Putin’s battle groups muster minutes from Ukraine border
Independent Russian investigators say troops and military hardware have been spotted barely 40km from Ukraine.
Russian troops were reported on Friday to have deployed to a camp in Belarus barely 40km from the Ukrainian border.
The Conflict Intelligence Team, a group of independent Russian investigators, said the troops and military hardware had been spotted in Rechitsa, in the Gomel region.
Russia has amassed about 100,000 soldiers in areas near the Ukrainian border but insists it does not intend to invade. It said earlier it had sent forces to Belarus, its ally, for joint military exercises. CIT said, however, that none of the training grounds where the drills were scheduled to take place was in the Gomel region.
The “combat readiness” stage of the drills will continue until February 9, the Russian defence ministry said, with the exercises themselves taking place from February 10 to 20.
Fears of an invasion grew this month when NATO rejected Russia’s demand that it rule out eastwards expansion.
The alliance also refused to withdraw its forces from former Soviet Union states, or give a guarantee that Ukraine would never become a NATO member.
The Russian defence ministry said this week that it would deploy 12 Su-35 jet fighters and S-400 and Pantsir air defence systems to Belarus for the drills.
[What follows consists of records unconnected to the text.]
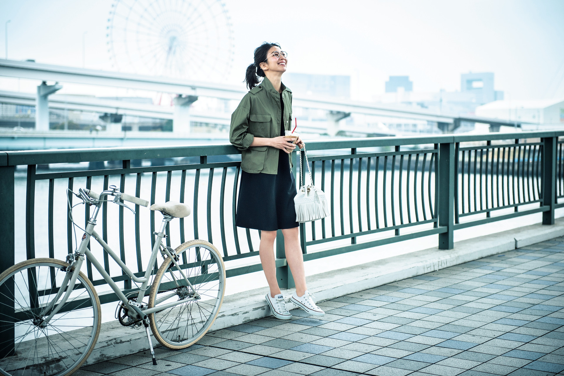 ワークジャケットでカッコよさを足せば甘めのワンピ-スもちょうど良く。メガネ¥40,000(オリバーピープルズ/オリバーピープルズ 東京ギャラリー)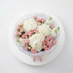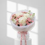 • A stunning architectural bouquet featuring a lush blend of premium white hydrangeas and delicate pink spray roses. • Artfully layered with fragrant white stock and finished in our signature white mesh cloud for an airy, voluminous silhouette. • An exquisite statement of modern luxury and grace, perfect for celebrating life’s most sophisticated moments. • Please Note: As flowers are natural products, actual colors may vary slightly from digital images due to seasonal growth and lighting conditions. We guarantee that the overall style and premium quality as well as freshness of your arrangement will always be maintained.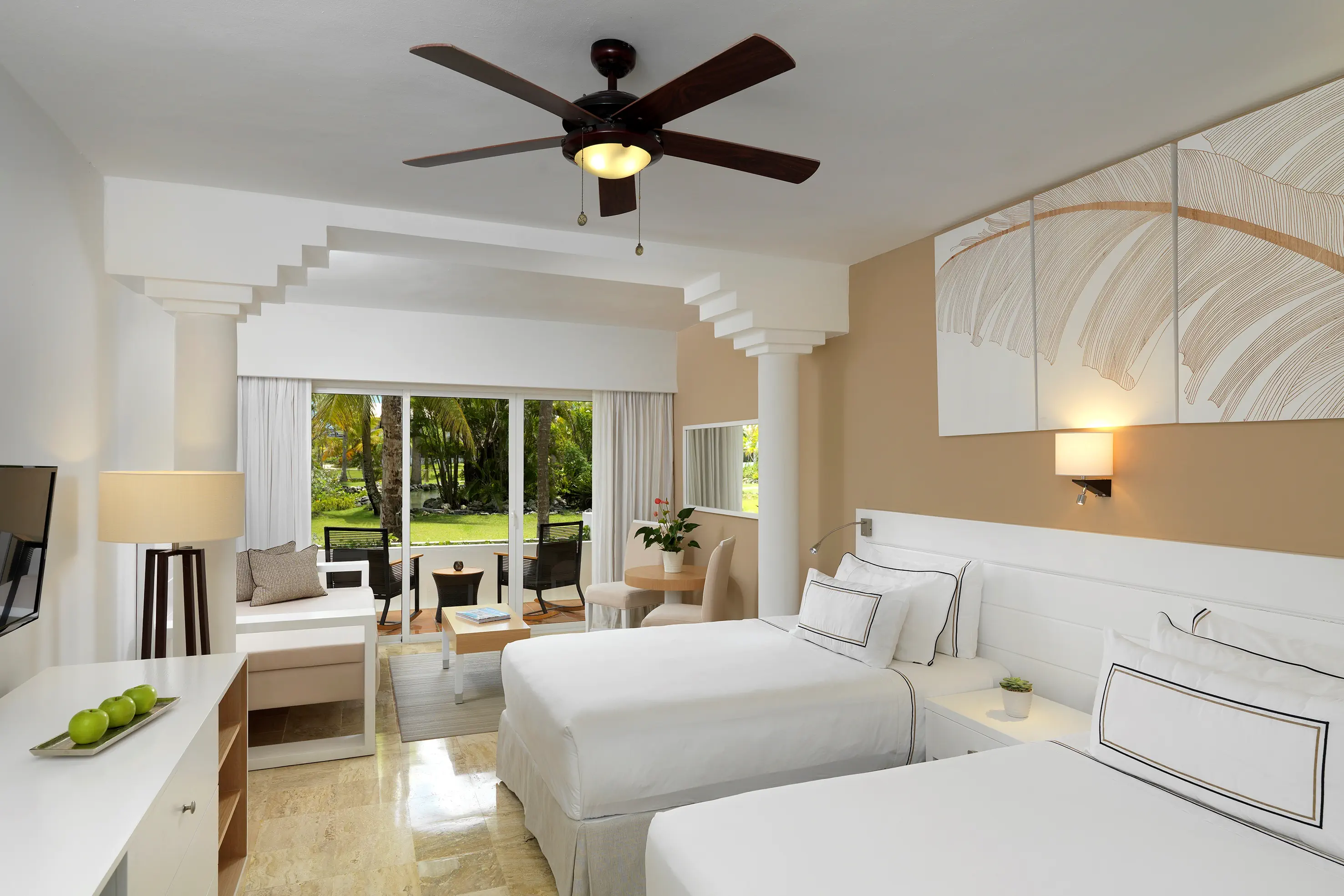 Dla max. 2 osób, Przestrzeń zewnętrzna: Balkon lub taras, Kanały telewizji: Angielski, Telefon w pokoju, wanna lub prysznic , Powierzchnia pokoju: ok. 42 m2, Dostawka: sofa, Rodzaj podłogi: płytki, Sprzątanie codziennie, 1 sypialnia, Maksymalna liczba osób dorosłych: 2, Maksymalna liczba dzieci: 0, Widok na ogród,Widok na basen, Liczba łazienek: 1, Liczba toalet: 1, Klimatyzacja: Klimatyzacja indywidualna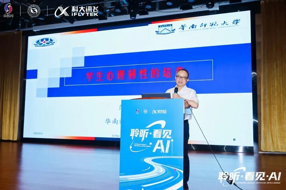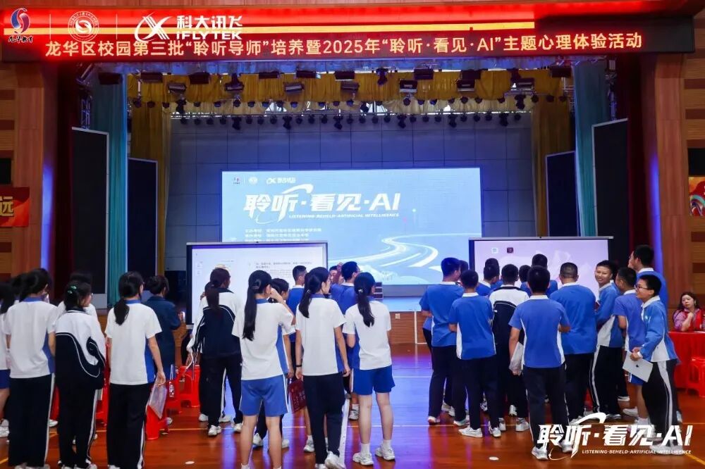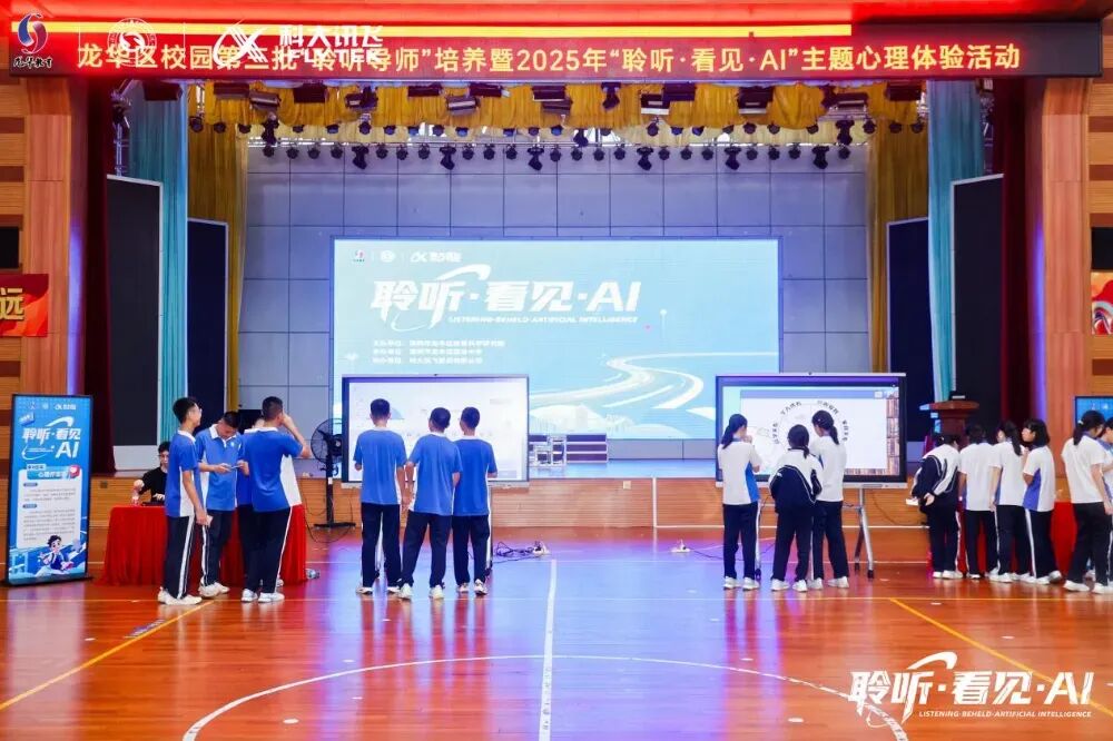 6月4日-5日,深圳市龙华区校园第三批“聆听导师”培养暨2025年“聆听·看见·AI”主题心理体验活动成功举办。此次活动为期两天,由深圳市龙华区教育科学研究院主办,深圳市龙华区民治中学教育集团承办,科大讯飞股份有限公司协办。活动通过专题讲座、心理游园会、交流互动等环节,助力AI与心理健康教育的深度融合,为教师探索AI驱动心理教育实践提供专业指导,提升心理教育科学性与实效性。区委教育工委委员,区教育科学研究院院长李渝忠出席活动,全区中小学校分管心理的副校长、德育主任、家庭教育负责人、班主任、心理专职教师近900人参加。开班仪式上,李渝忠为活动致辞。他强调本次培训创新性地将人工智能技术与心理健康教育相结合,旨在提升教师心理辅导能力,为校园心理提供更个性化、智能化的体验。参训教师要珍惜学习机会,将AI心育技术融入日常教学,同时加强交流合作,共同营造校园心理健康教育新生态,为龙华区教育高质量发展贡献力量。松和小学张龙老师作为班委代表郑重承诺,全体学员将以“学习者和传播者”的双重角色投入培训,既要掌握专家传授的辅导技能,更要搭建实践交流平台,促进经验共享与智慧碰撞。他表示,在AI时代更要坚持“人性化聆听”,用教育温度守护每个孩子的成长心声。“‘聆听计划’启动以来,极大地丰富了老师们的心理知识储备”,未来小学心理老师李玫作为学员代表发言,她感谢教科院提供的学习平台,分享了参与“聆听计划”的收获。面对AI时代的教育新挑战,她期待与学员们共同探讨技术赋能心理健康教育的新路径,发挥教育工作者的独特价值。本次培训特邀多位心理健康教育领域专家开展专题授课。系列课程既立足当下教育痛点,又着眼未来发展趋势,为心理健康教育工作提供了全方位的专业支持。北京师范大学心理学博士研究生、科大讯飞智慧心育研究院长常雪亮向学员详细介绍了AI大模型在青少年心理筛查和干预中的应用效果;华南师范大学二级教授范方分享了学生心理韧性的实践培养方案;清华大学深圳国际研究生院教授、广东省数字心理健康与智能生成实验室倪仕光创新性地探讨严肃游戏在心理健康教育中的运用;深圳市教育科学研究院正高级研究院、市中小学心理健康与家庭教育指导中心副主任王秋英从家庭互动系统视角解读青少年心理健康问题;华南师范大学心理学博士、深圳大学社会学系副教授高秋凤针对青少年手机成瘾问题提供专业干预策略。活动同期创新推出“AI心理巡礼,欢乐校园游”主题游园会,在民治中学体育楼二楼设置八大AI心理体验区,为学生提供沉浸式心理体验。学生们手持体验卡,通过AI对话、互动挑战等方式学习心理健康知识。各区域独具特色,“心理疗愈区”采用私密化设计,让学生在与AI心理伙伴对话过程中获得正向反馈;“目标管理区”基于AI互动测试,帮助学生生成个性化的测评报告;“暖心赞美区”通过“1分钟赞美”知识模块学习与实践,获得愉悦体验……继2023年龙华区推出了中小学心理健康教育的“聆听计划”,通过培养专业"聆听导师"队伍,构建"教师-学生-家长"三位一体的心理健康支持体系。截至目前,已培养“聆听导师”570余名,开展专题培训30余场,覆盖全区所有中小学。

Unconfirmed reports said that elements of a BM-27 Uragan rocket artillery launcher had also been sent.
Upping the ante, Russia announced new naval drills that will see it deploy to the Atlantic, Pacific, Arctic and Mediterranean “more than 140 warships and support vessels, more than 60 aircraft, 1000 pieces of military equipment, and about 10,000 servicemen”.
US Secretary of State Antony Blinken, who is due to meet Sergei Lavrov, the Russian foreign minister, in Geneva on Friday night, urged Russian President Vladimir Putin to stay on a “diplomatic and peaceful path”.
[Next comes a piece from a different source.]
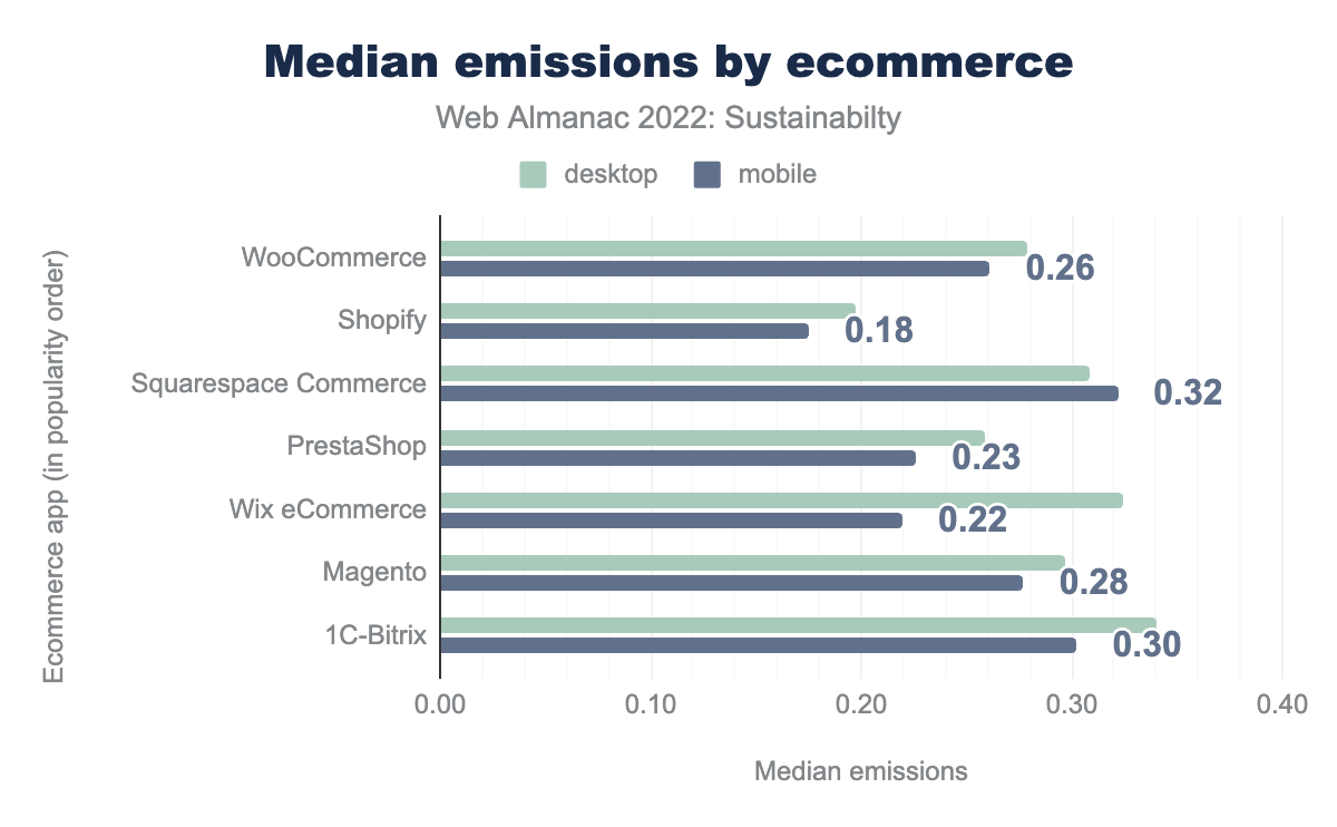 It is clear comparing the ecommerce platforms with other CMS platforms, that they are substantially heavier in their page-load size and their environmental impact. Since these figures mostly relate to home pages, we can only guess that this could be due to more products or less optimized content. However, this shows that there is still room for improvement.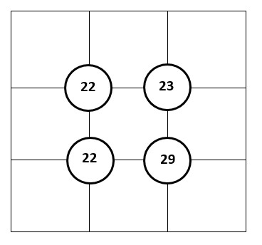 Coloca cada uno de los dígitos del 1 al 9 en un cuadrado diferente de la cuadrícula anterior para que el número en cada círculo sea la suma de los cuatro dígitos que lo rodean directamente.

His words will be given weight by the arrival of USS Georgia, a guided-missile submarine, in the eastern Mediterranean.
Formerly a nuclear deterrent ballistic-missile boat, it has been adapted to carry more than 150 Tomahawk cruise missiles. It also has space onboard for US Navy SEALS.
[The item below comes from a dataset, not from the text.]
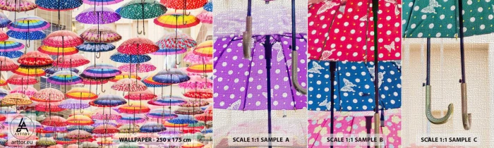 Prøve Fototapet Premium Canvas - Engen i byen - By, Farverige paraplyer, Stykke - 100x30 cm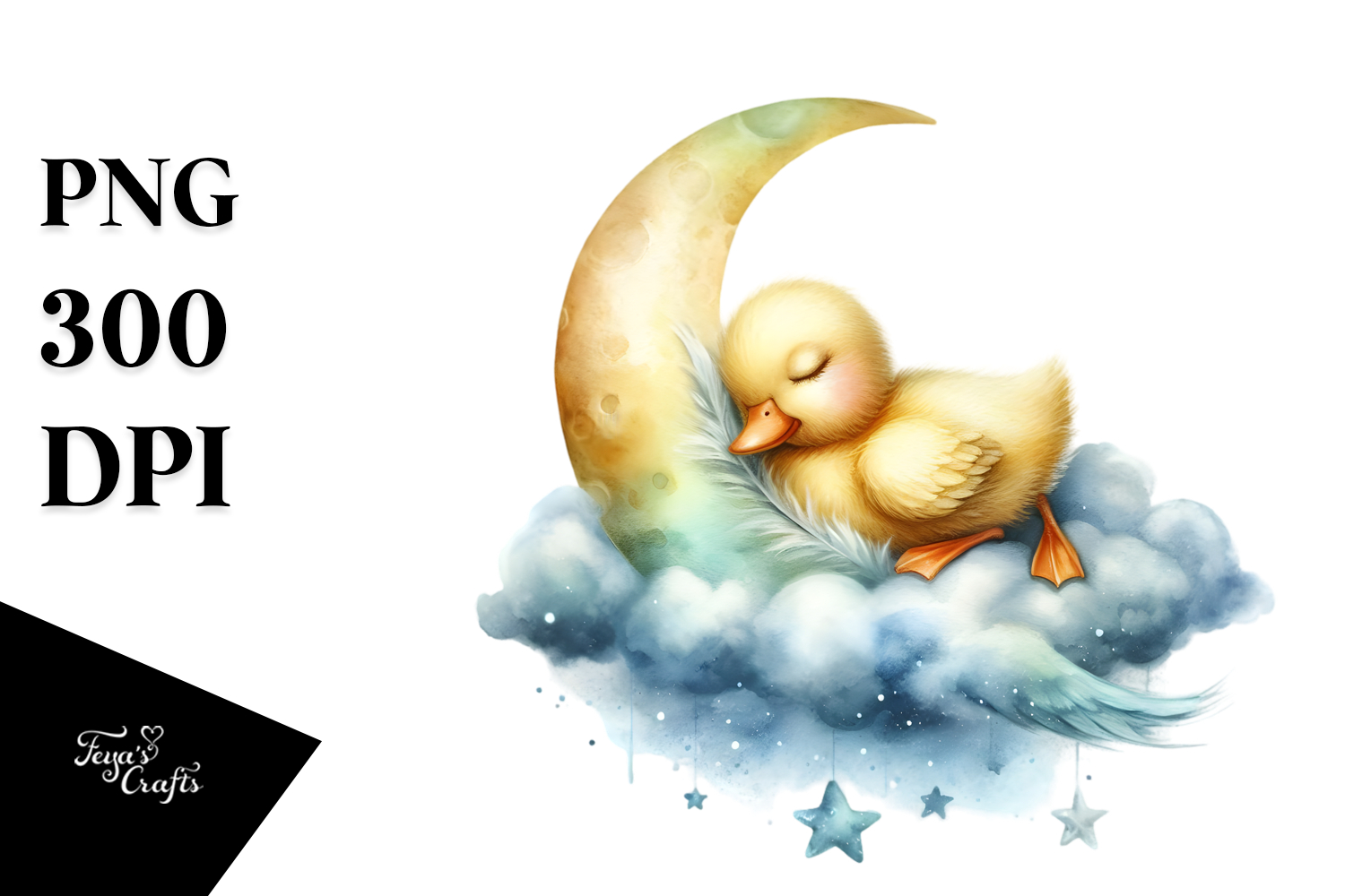 Whimsical Baby Duck Sleeping on Moon PNG example image 1

The US Navy has not specified where exactly the submarine is stationed, but the Lieutenant General Evangelos Florakis base in Mari, not far from Limassol, Cyprus, seems likely.
Tomahawk missiles have a range of more than 1600km, easily enough to reach several potential military targets in Russia or eastern Ukraine.
The USS Harry S Truman aircraft carrier battle group is also being kept in the eastern Mediterranean to reassure NATO allies in the region.
The stand-off comes eight years after Russia annexed Crimea from Ukraine, going on to provide military support for a pro-Moscow separatist movement in the Donbas region of eastern Ukraine.
More than 14,000 people have been killed in fighting in the coalmining region since 2014.